The Biography of Sophocles

January 11, 2021 by Essay Writer

Sophocles was born in 496 BC in Colonus, a village just outside Athens, to a wealthy weapons-maker and a leading citizen. As a young man, Sophocles was talented at music and dancing. He was interested in playwriting and began to study The Odyssey and The Iliad. An anonymous biographer of the time called him “the pupil of Homer” -suggesting that Sophocles’ great power came to him from the greatest of Greek poets. In 468 BC, Sophocles’s play Triptolemus took first prize for tragedy, while his teacher’s came in second. Since Athens demanded that its citizens take part in all aspects public life, Sophocles served as a diplomat, general, and even a healer. Sophocles became treasurer of the Delian Confederation in 443 B.C.; the funds he collected bolstered Athenian glory at home and around the Mediterranean. Three years later, Sophocles was honored as serving as a general in the siege of Samos. Historians believe he may have served again 20 years later. He investigated the Athenian military defeat in Sicily in 413 B.C. He also acted as a negotiator with allies during the Peloponnesian War. His death in 406 B.C. inspired a national cult that worshipped him as a cultural hero and dedicated a shrine to him.

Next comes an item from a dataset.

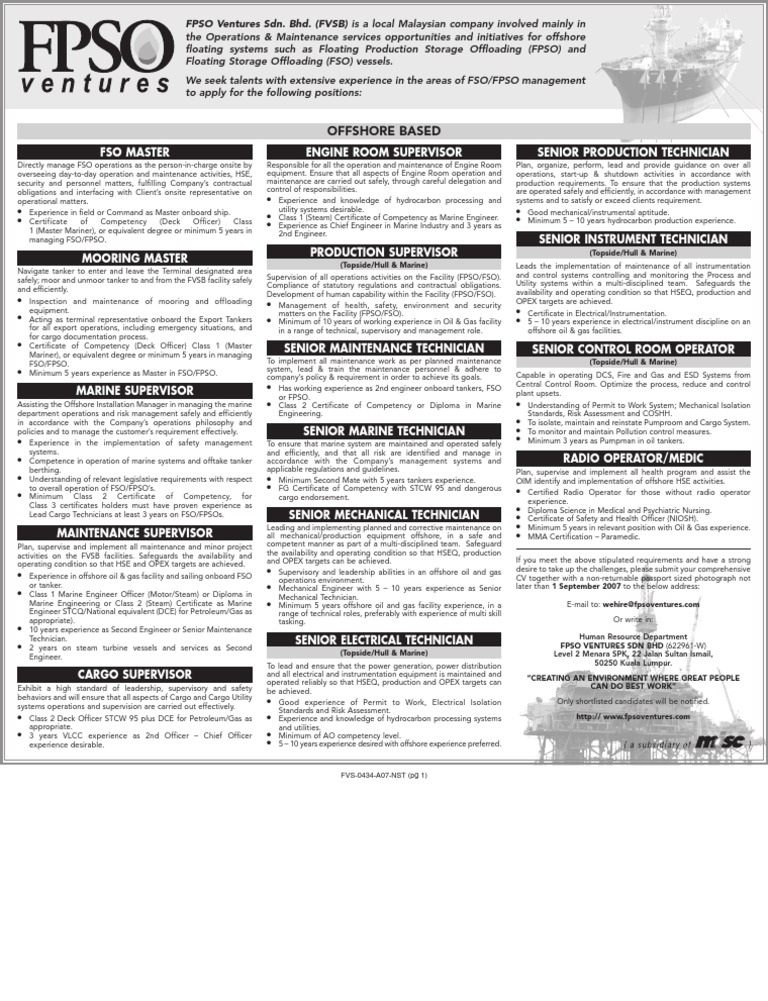 Fpso ventures sdn bhd was founded in 2003. Our vision is to be the leading hse provider and best fpso ventures sdn bhd. Bhd operates coffee retail trading industry in malaysia. Is a malaysian company established in 2011. Learn what its like to work for fpso ventures sdn bhd by reading employee ratings and reviews on jobstreet.com malaysia. Saa engineering & marine sdn bhd. (fvsb) is a local malaysian company incorporated on 25th july 2003 formed exclusively to pursue operations & maintenance. To all respondents, my name is nuremilina binti ibrahim. Eclipse ventures is an engineering design consultant company. From the latest financial highlights, fpso ventures sdn. Fpso ventures sdn bhd ( 177108 ). Bumicare offshore production sdn bhd. Supplier selection and assessment analysis in fpso ventures sdn bhd.

Through all of his service, however, Sophocles remained primarily a dramatist. In his life, he completed more than 120 plays. Now, only titles and fragments of most of those can be found, for only seven complete tragedies survive: Ajax, Antigone, Electra, Oedipus the King, The Trachinae, Philoctetes, and Oedipus at Colonus. However, in 1907, a papyrus with hundreds of lines of The Ichneutae was found in Egypt. This finding provides hope for finding more of the playwrights work in the future.

By analyzing the themes found in Sophocles’s personal life and Athen’s society, we can identify where Sophocles found the inspiration for his pieces; specifically, Electra. The story is based on “The Nostoi”, a lost epic of ancient Greek literature and part of the “Epic Cycle”, roughly covering the period between Homer’s Iliad and his Odyssey. Sophocles, as was stated in the previous paragraph, Sophocles studied Homer and was inspired by him. The character Electra is very emotional and stubbornly devoted to the principles of justice, reverence and honour, even if sometimes her grasp on these principles seems questionable. These characteristics were valuable in the eyes of Greek society. The main themes explored through the play include the conflict between justice and expediency, as embodied in the characters of Electra and Chrysothemis respectively; the effects of revenge on its perpetrator, as the moment of revenge approaches, Electra grows increasingly irrational, demonstrating a questionable grasp on the very principle of justice by which she claims to be motivated; and the degrading effects of dishonour. These are all themes Sophocles would’ve studied throughout his education in the arts and Greek society. Sophocles acknowledges the “bad” sides of the “heroes” and the “good” sides of the “villains”, in effect blurring the distinctions between these two categories and lending the play a morally ambiguous tone.

Many scholars are divided over whether Electra’s victory over her mother represents the triumph of justice or the downfall, even madness, of Electra.